Guys tell me what is good key word "good bye" or "Good Bye" I just want to know capital or small letter meters or not
For a keyword in anchor text it makes no difference. If you are using it as a subdirectory. .i.e yoursite.com/GoodBye, then the only problem you may have is that if someone types it with lowercase then it will not work.
I tried doing the search for these words using both the mentioned style and the results were almost the same... Regards, RightMan
If you'd like to get better and more taargetted results, think about adding more words. Just a thought. Hope that helps. Dee
For kicks I just looked through the "Traffic Sources -> Keywords" sections for the Analytics accounts of two sites, and I did not see a single capital letter in the top 500 keywords of either site. Not even in quoted phrases that were likely copied/pasted and should have capital letters in them. I have a hunch that Google lowercases querys before looking for results and does case-insensitive comparisons.
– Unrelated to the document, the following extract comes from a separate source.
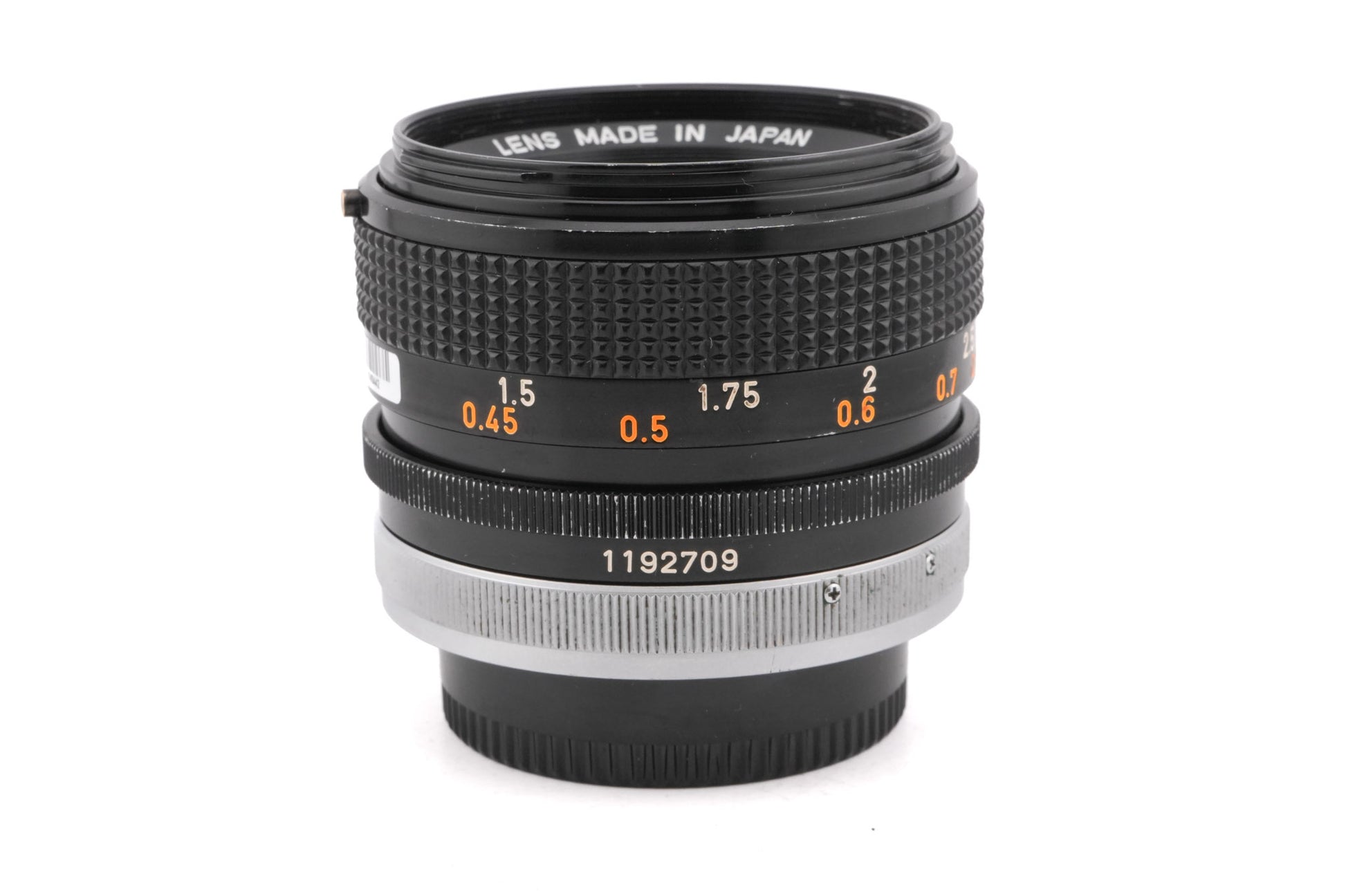 Manual focus normal lens made for FD-mount SLRs in 1973 by Canon. It uses the older breech-lock style mounting mechanism and has Canon's Super Spectra (SSC) multicoating. The original price (25,500 Yen) is the equivalent of around 425 Euros in 2023. Metal body available in black.
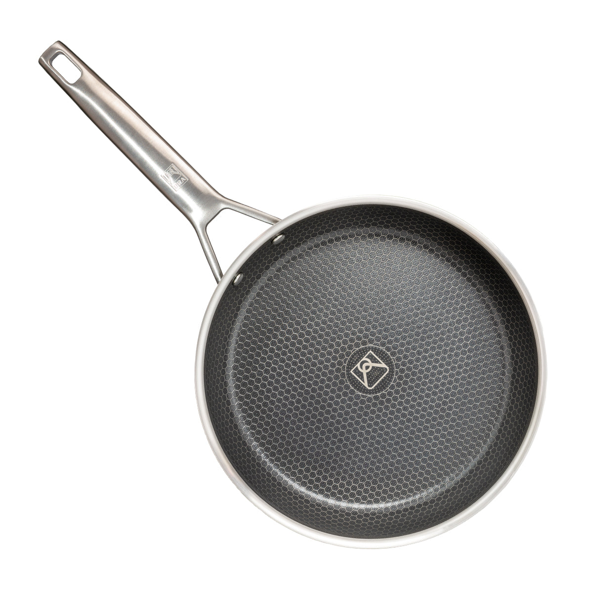 Capa interior de acero inoxidable austenítico 18/10 de 0.5 mm para un contacto seguro con los alimentos, capa intermedia de aluminio de 1.5 mm y capa exterior de acero inoxidable 430 con 18 % de cromo de 0.5 mm para compatibilidad con inducción. El mango ergonómico de acero inoxidable ofrece un agarre muy seguro con remaches sin movimiento.

It doesn't make any differece from SEO point of view. Its just matter of decorative styles (looks) IMO if you use plain or capital. DON.
It doesn't matter As long as your keyword is relevant to your page, everything will be fine. But If I'm goin' to choose between the two, I prefer the latter 'coz it looks more professional.
it doens't matter, you'll still get the same result from it... but this keyword is weird, are you going to use it?...
From an SEO stand point, CAPS or not, makes no difference. If you like the way one looks over the other use that
I always use small letters for URLS and capitalise my title tags with the first letter of every keyword capitalised.
Capital letters for titles, it doesn't make any difference just that is more catchy! I always use capital letter in titles.
Capitalization makes no difference to Google. Plural versus singular makes a difference, but capital or lowercase won't play a role.
A lot of people say it doesn't matter, but you can experiment this yourself on Google. I typed in "poker" and "Poker", and two different sites showed up as #1.
That's probably because there's a subtle semantic difference. "poker" is more likely to refer to a fire poker than "Poker" which is the name of a card game. Just use good English and proper capitalisation and you'll be fine, but bear in mind most people running searches will just be typing in lower case anyway.